In [1]:
import os
import pandas as pd
import matplotlib.pyplot as plt
import seaborn as sns

os.makedirs("figures", exist_ok=True)

df = pd.read_csv("data/raw/healthcare-dataset-stroke-data.csv")


In [2]:
plt.figure(figsize=(6,4))
sns.histplot(df['age'], bins=30, kde=True)
plt.title("Distribution of Age")
plt.xlabel("Age")
plt.ylabel("Count")
plt.tight_layout()
plt.savefig("figures/age_distribution.png")
plt.close()


Most patients are older adults, which is relevant because stroke risk increases with age.

In [3]:
plt.figure(figsize=(6,4))
sns.histplot(df['bmi'], bins=30, kde=True)
plt.title("Distribution of BMI")
plt.xlabel("BMI")
plt.ylabel("Count")
plt.tight_layout()
plt.savefig("figures/bmi_distribution.png")
plt.close()


The BMI distribution is right skewed, with most values between 20 and 35, with a few high outliers. This suggests that most of the patients fall within a healthy to overweight range.

In [4]:
plt.figure(figsize=(6,4))
sns.scatterplot(
    data=df,
    x='age',
    y='avg_glucose_level',
    hue='stroke',
    alpha=0.7
)
plt.title("Age vs.
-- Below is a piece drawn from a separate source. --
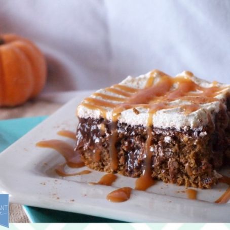 7.Remove cake from refrigerator and spread cool whip over top of cake. Sprinkle on the heath bits, and drizzle caramel over top. (note: if you want it less sweet you can use less of the jar)

Avg Glucose Level by Stroke Outcome")
plt.xlabel("Age")
plt.ylabel("Average Glucose Level")
plt.legend(title="Stroke")
plt.tight_layout()
plt.savefig("figures/age_vs_glucose_by_stroke.png")
plt.close()


The scatter plot shows that stroke cases tend to occur more frequently among older individuals and those with higher average glucose levels. This suggests that both age and elevated glucose may be important risk factors for stroke.

In [5]:
plt.figure(figsize=(5,4))
sns.countplot(x='stroke', data=df)
plt.title("Class Balance: Stroke vs. No Stroke")
plt.xlabel("Stroke (1 = Yes, 0 = No)")
plt.ylabel("Count")
plt.tight_layout()
plt.savefig("figures/stroke_class_balance.png")
plt.close()


The dataset is highly imbalanced, with far more non-stroke cases than stroke cases. This imbalance suggests that special techniques, such as resampling or class weighting, may be needed to build an effective predictive model.

In [6]:
plt.figure(figsize=(8,4))
sns.heatmap(df.isnull(), cbar=False)
plt.title("Missing Values Heatmap")
plt.tight_layout()
plt.savefig("figures/missing_values_heatmap.png")
plt.close()


The only missing values in the dataset are in BMI.